To do: Starting with the line that holds "3. Aus dem Teig" and stopping after the line that holds "1. Velg et injeksjonssted", repeat the lines below word for word, without the pictures.

Source information:

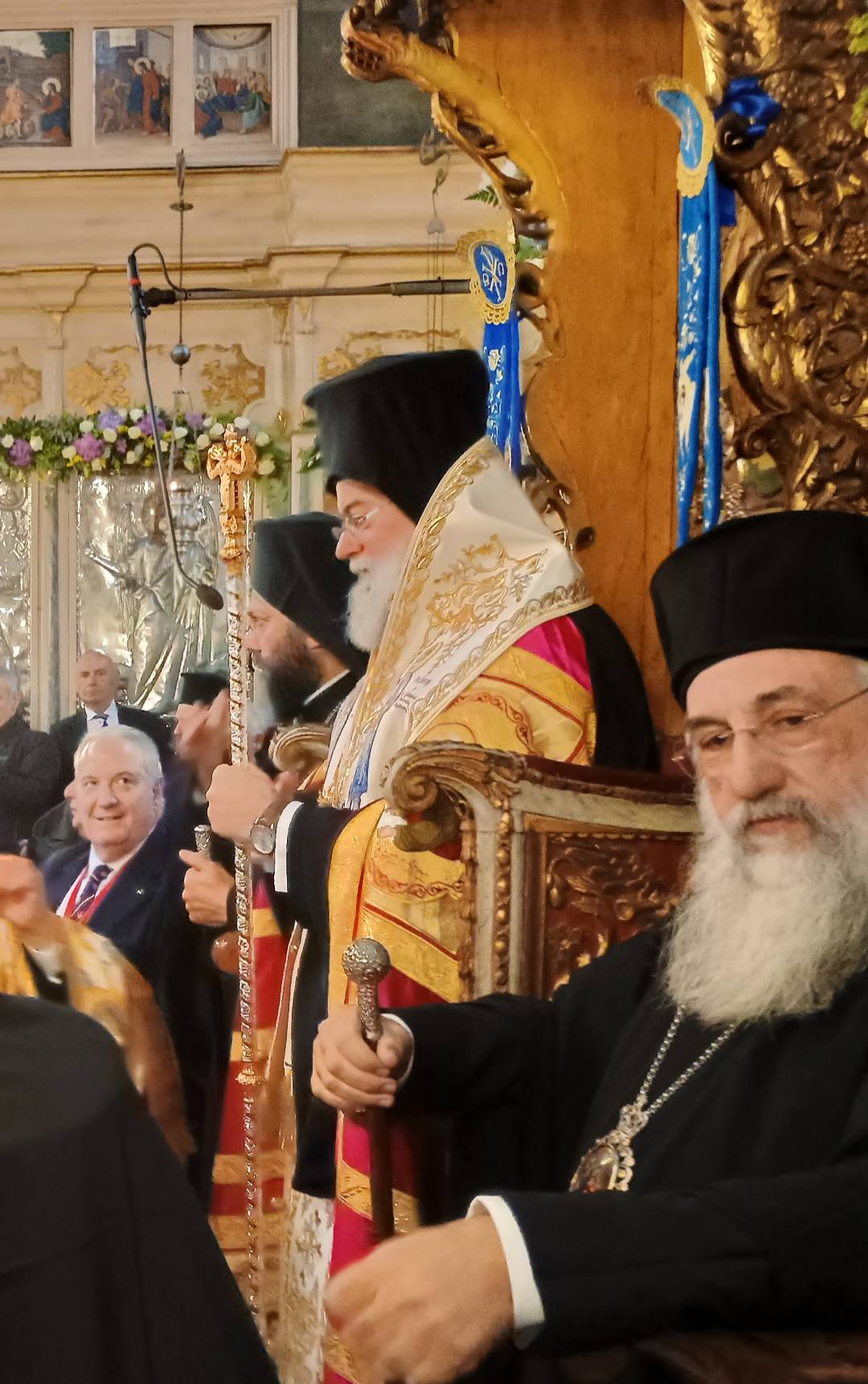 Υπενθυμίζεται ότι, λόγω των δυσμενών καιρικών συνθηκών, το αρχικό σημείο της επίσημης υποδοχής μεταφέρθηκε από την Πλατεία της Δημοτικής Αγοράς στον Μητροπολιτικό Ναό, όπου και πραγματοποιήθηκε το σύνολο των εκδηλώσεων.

---

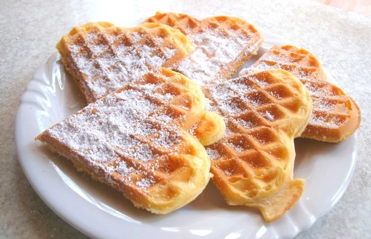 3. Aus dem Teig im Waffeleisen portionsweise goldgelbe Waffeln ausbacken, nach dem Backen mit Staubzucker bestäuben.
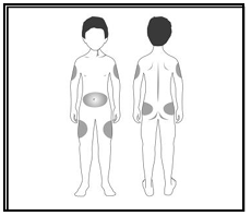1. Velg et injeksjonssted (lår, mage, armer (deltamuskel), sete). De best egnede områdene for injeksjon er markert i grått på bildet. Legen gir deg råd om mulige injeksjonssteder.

Result for this task:
 3. Aus dem Teig im Waffeleisen portionsweise goldgelbe Waffeln ausbacken, nach dem Backen mit Staubzucker bestäuben.
1. Velg et injeksjonssted (lår, mage, armer (deltamuskel), sete). De best egnede områdene for injeksjon er markert i grått på bildet. Legen gir deg råd om mulige injeksjonssteder.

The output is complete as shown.